-- ACTION ITEM --
Set the listing down unchanged, minus every embedded image.

-- EXTRACTED DATA --

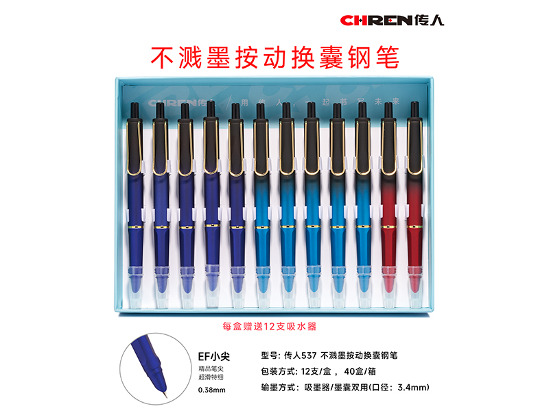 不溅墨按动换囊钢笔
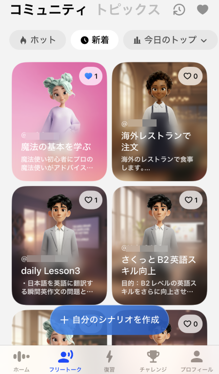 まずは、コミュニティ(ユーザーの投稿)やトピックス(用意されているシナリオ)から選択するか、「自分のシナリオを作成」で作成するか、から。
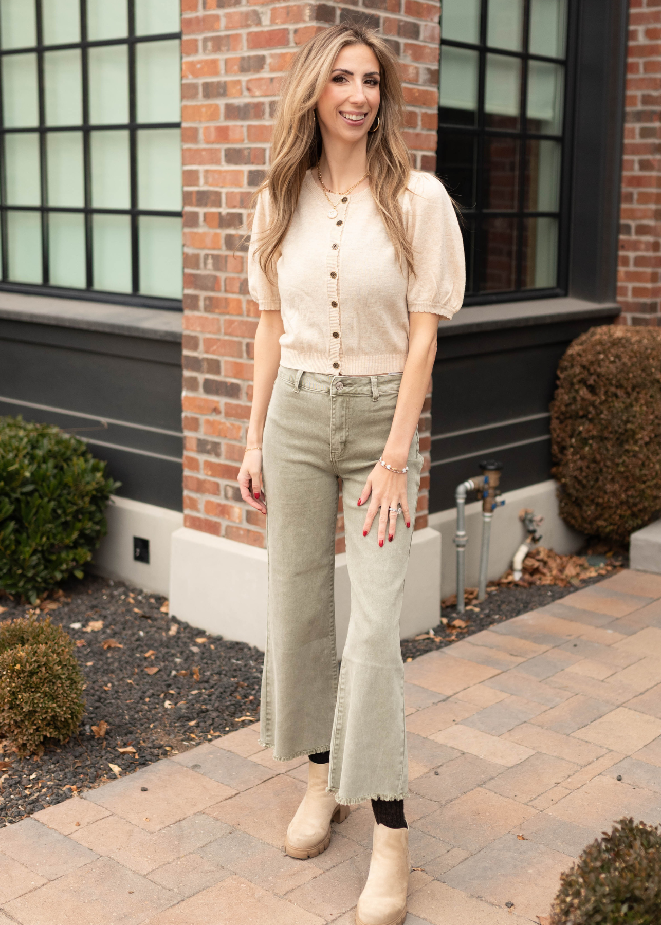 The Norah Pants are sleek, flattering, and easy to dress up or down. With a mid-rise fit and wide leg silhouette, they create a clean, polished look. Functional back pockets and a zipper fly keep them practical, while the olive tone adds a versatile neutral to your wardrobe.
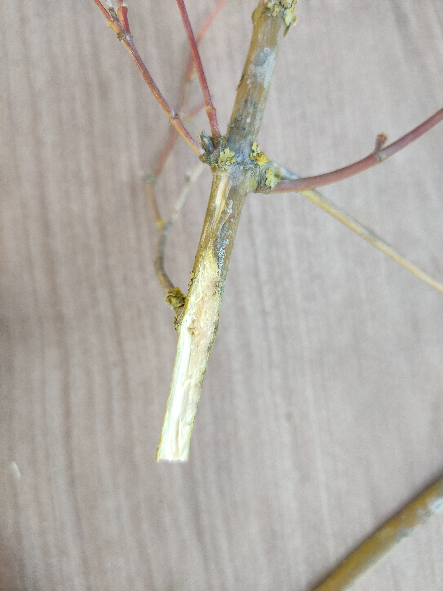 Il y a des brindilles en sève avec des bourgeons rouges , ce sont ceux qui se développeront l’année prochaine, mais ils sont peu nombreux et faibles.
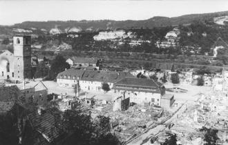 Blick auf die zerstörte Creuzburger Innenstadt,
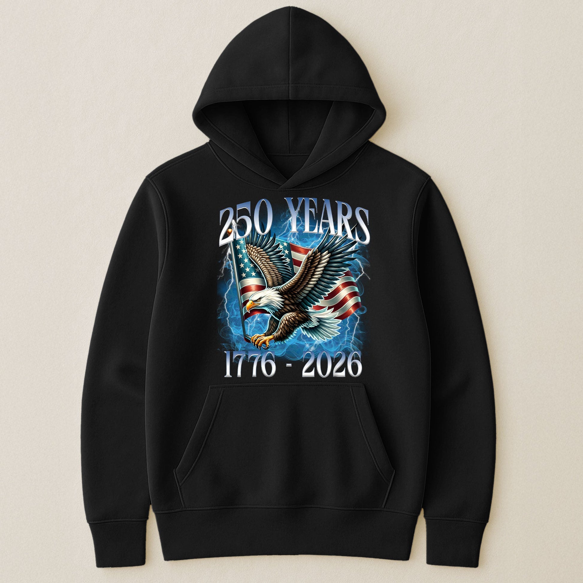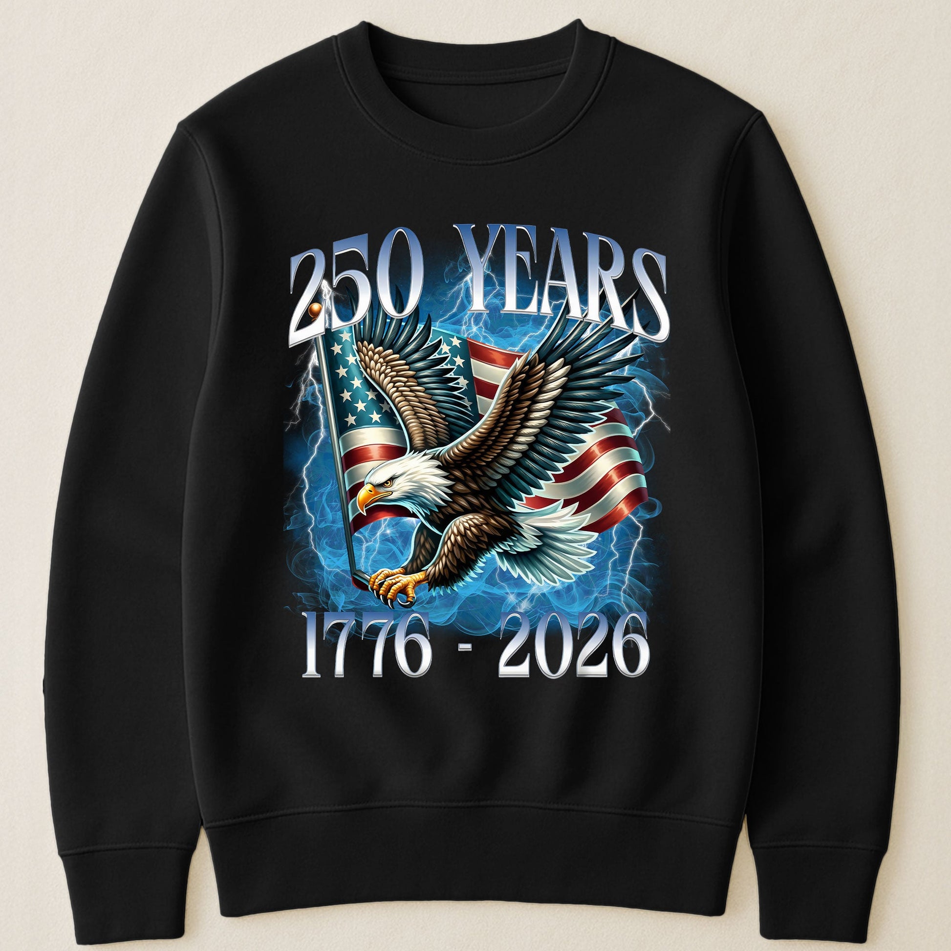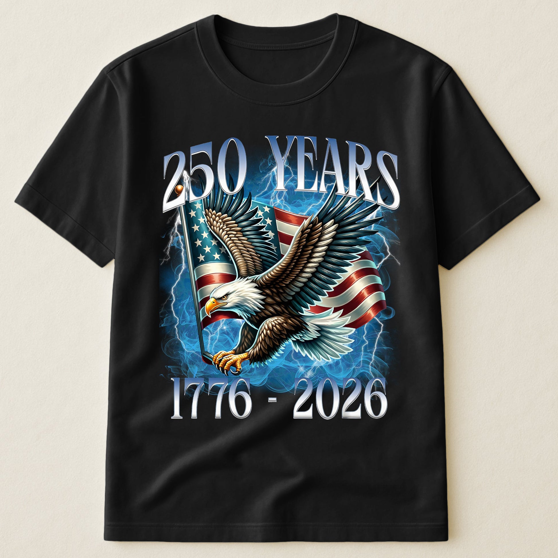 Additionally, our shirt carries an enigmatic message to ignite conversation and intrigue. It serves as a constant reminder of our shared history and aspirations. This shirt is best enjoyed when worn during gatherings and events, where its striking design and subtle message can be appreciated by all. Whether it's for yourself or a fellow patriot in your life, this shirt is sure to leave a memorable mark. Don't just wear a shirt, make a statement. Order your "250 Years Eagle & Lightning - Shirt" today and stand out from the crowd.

-- YOUR RESPONSE --
 不溅墨按动换囊钢笔
 まずは、コミュニティ(ユーザーの投稿)やトピックス(用意されているシナリオ)から選択するか、「自分のシナリオを作成」で作成するか、から。
 The Norah Pants are sleek, flattering, and easy to dress up or down. With a mid-rise fit and wide leg silhouette, they create a clean, polished look. Functional back pockets and a zipper fly keep them practical, while the olive tone adds a versatile neutral to your wardrobe.
 Il y a des brindilles en sève avec des bourgeons rouges , ce sont ceux qui se développeront l’année prochaine, mais ils sont peu nombreux et faibles.
 Blick auf die zerstörte Creuzburger Innenstadt,
 Additionally, our shirt carries an enigmatic message to ignite conversation and intrigue. It serves as a constant reminder of our shared history and aspirations. This shirt is best enjoyed when worn during gatherings and events, where its striking design and subtle message can be appreciated by all. Whether it's for yourself or a fellow patriot in your life, this shirt is sure to leave a memorable mark. Don't just wear a shirt, make a statement. Order your "250 Years Eagle & Lightning - Shirt" today and stand out from the crowd.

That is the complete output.